The world looked very different for early humans, and their daily life was vastly different from that of people living in the 21st century. Our five senses, once crucial to our survival, are easy to take for granted. For most modern humans, food is easily accessed, and we spend the bulk of our time indoors, well protected from the elements and various dangers.
Yet our five senses shouldn’t be discounted, as they are how we interact with our surrounding environment, as well as other people and members of the animal kingdom. Our senses connect us to tastes, sounds, and sights that bring us joy, such as our favorite music or sweet treat. They also help keep us safe, allowing us to identify possible dangers and respond appropriately. For example, the smell of sulfur, natural gas, triggers us to take action in order to protect ourselves and those around us.

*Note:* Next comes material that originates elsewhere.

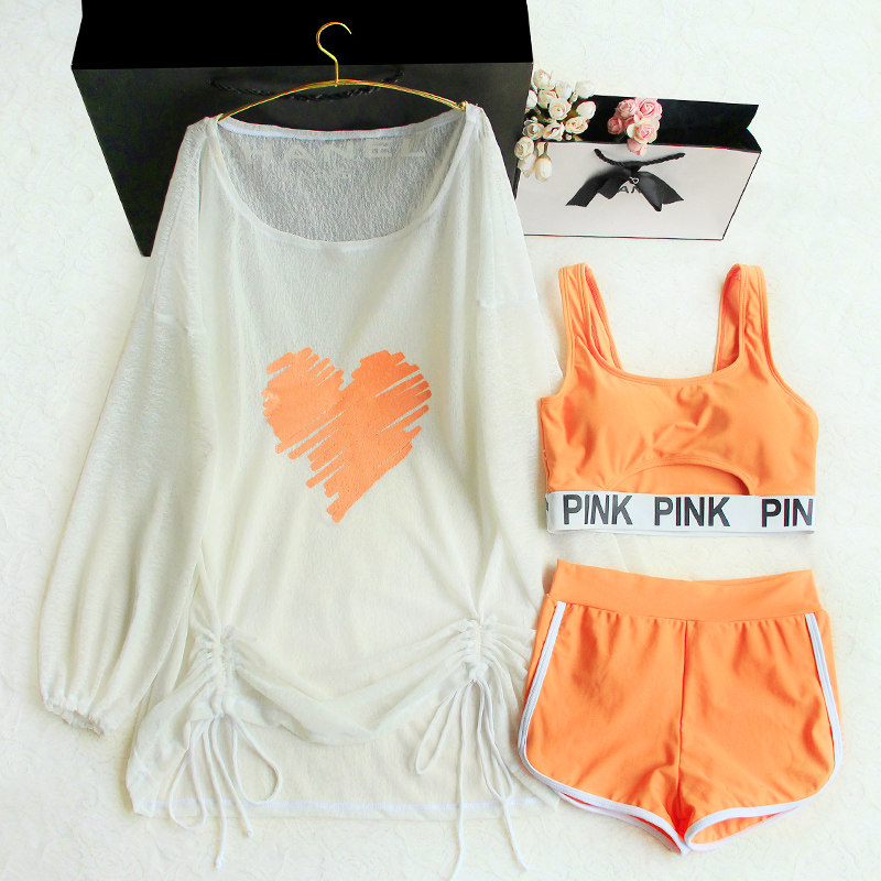 Swimwear women's summer sports hot spring three-piece sunscreen long-sleeved blouse covering the flesh and looking thinner large size slightly fat mm swimsuit
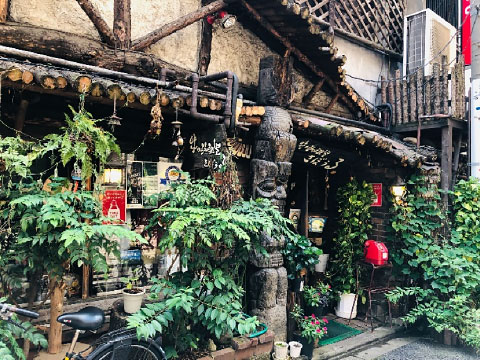 年季の入った木製のテーブルと椅子が置かれた店内は、中二階と半地下に分かれた入り組んだ造りになっていて、まるで秘密基地に訪れたかのようです。様々な国の人形や民芸品が所狭しと飾られていて、眺めているとあっという間に時間が過ぎていきます。また壁のレンガには、お客さんの落書きやメッセージがびっしり。男女で名前を書けば結ばれるという逸話もあるそうです。

In this way, the core function of our senses hasn’t changed much over the last few millennia, but particular details have evolved over time. Humanity’s understanding of the five senses starts with the youngest members of modern society: newborn babies. It is generally agreed that the sense of touch is the first to develop, fully noticeable as early as three weeks after birth. Taste and smell quickly follow, working in tandem to help identify sources of food – in the case of babies, formula, or breast milk. Interestingly, hearing and sight, vital to modern life, are the last senses to completely develop.

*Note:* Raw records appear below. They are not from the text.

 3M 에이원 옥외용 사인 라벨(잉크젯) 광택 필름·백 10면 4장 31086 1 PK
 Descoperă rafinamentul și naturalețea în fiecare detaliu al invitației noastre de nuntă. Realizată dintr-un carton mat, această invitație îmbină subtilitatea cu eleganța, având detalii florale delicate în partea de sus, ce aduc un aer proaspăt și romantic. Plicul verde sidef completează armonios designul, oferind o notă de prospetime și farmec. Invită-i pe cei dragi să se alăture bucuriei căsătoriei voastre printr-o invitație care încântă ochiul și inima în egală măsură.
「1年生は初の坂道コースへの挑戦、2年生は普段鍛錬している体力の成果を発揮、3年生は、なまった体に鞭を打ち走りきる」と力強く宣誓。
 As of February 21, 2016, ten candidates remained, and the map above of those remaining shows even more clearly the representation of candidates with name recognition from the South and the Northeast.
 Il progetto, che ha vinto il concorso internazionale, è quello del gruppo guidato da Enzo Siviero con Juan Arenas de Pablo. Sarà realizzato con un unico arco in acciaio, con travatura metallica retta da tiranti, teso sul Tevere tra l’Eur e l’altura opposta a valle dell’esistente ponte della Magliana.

Our five senses also evolve (and subsequently degrade) as we age. Further, modern life has helped change the course of evolution, at least where our senses are concerned. Let’s take a look at the function of our five senses in the modern world: Sight, sound, touch, taste, and smell.
The Power of Sight
Pardon the pun, but sight can look very different among differing species. The eyes of primates, for example, don’t function in the same way as the eyes of other mammals. For starters, primates have larger eyes than most mammals with comparable body sizes. Eye orientation is distinctive among primates, as well. The forward-facing eyes of humans and other primates also produce a broad field of binocular vision, possibly due to the fact that primates typically process a much larger amount of visual data than less evolved non-primates.
Despite the seemingly advanced eyes seen in primates, however, these organs are far from perfect. In fact, an estimated 90% of the global population has imperfect vision, and about 60% require corrective lenses of some sort in order to access their full visionary potential. An increasingly digital life, where people stare at bright lights and screens for hours at a time, has only served to compound eye problems among global populations. Myopia, also known as nearsightedness, is increasingly common.
Our eyes may also have problems perceiving color, putting us at a further disadvantage, evolutionarily speaking.
The ability to identify colors is integral to our survival, as we can better identify things that may be harmful based on their color. As omnivores, humans have trichromatic vision, or the ability to perceive a variety of colors. Trichromatic vision is unique to humans and Old World primates, including gorillas, chimpanzees, and orangutans. This type of vision sets primates apart, with color serving to affect our perception of the world. The color red, for example, can be stimulating, while the color blue evokes a calming effect and reminds us of water.
How Touch Relates to Compassion
As touch is the first sense to completely develop, it’s both primitive and fascinatingly complex. Although humans typically associate the concept of touch with hands and fingers, it’s important to note that “touch” has a deeper purpose that involves the whole body. Touch is influential when it comes to decision-making, and allows us to both show and experience compassion.
In fact, research indicates that the sense of touch is humanity’s primary language of compassion. In addition, touch is “fundamental to human communication, bonding, and health.” For early humans, fostering human connections helped create a safety net and served to build communities. Without the sense of touch, the idea of society may never have developed.
A Well-Rounded Sensory Experience
Along with touch and sight, our other three senses are responsible for humanity’s continued survival. By identifying unusual or startling sounds, we may be able to avoid dangerous situations. For example, the honk of a car horn warns us of approaching vehicles, enabling us to remain out of harm’s way.
Intrinsically intertwined, smell and taste also serve as an internal warning system of sorts. Due to humanity’s keen sense of smell, unpleasant odorants are often added to natural gas and propane, making it easier to detect a dangerous leak. Sulfur is one of the most common odorants used for this purpose. While the smell of sulfur, which is said to resemble rotten eggs, could indicate an innocuous drain clog, its culprit could be much more sinister.
Even in contemporary times, it’s easy to see the numerous ways in which our senses keep us safe, healthy, and connected. The next time you catch a whiff of eucalyptus on the wind, hear a barking dog or take a bite out of a crisp, juicy apple, take the time to fully appreciate those sensations. Without our five senses, the world would be a darker, quieter, and much lonelier place.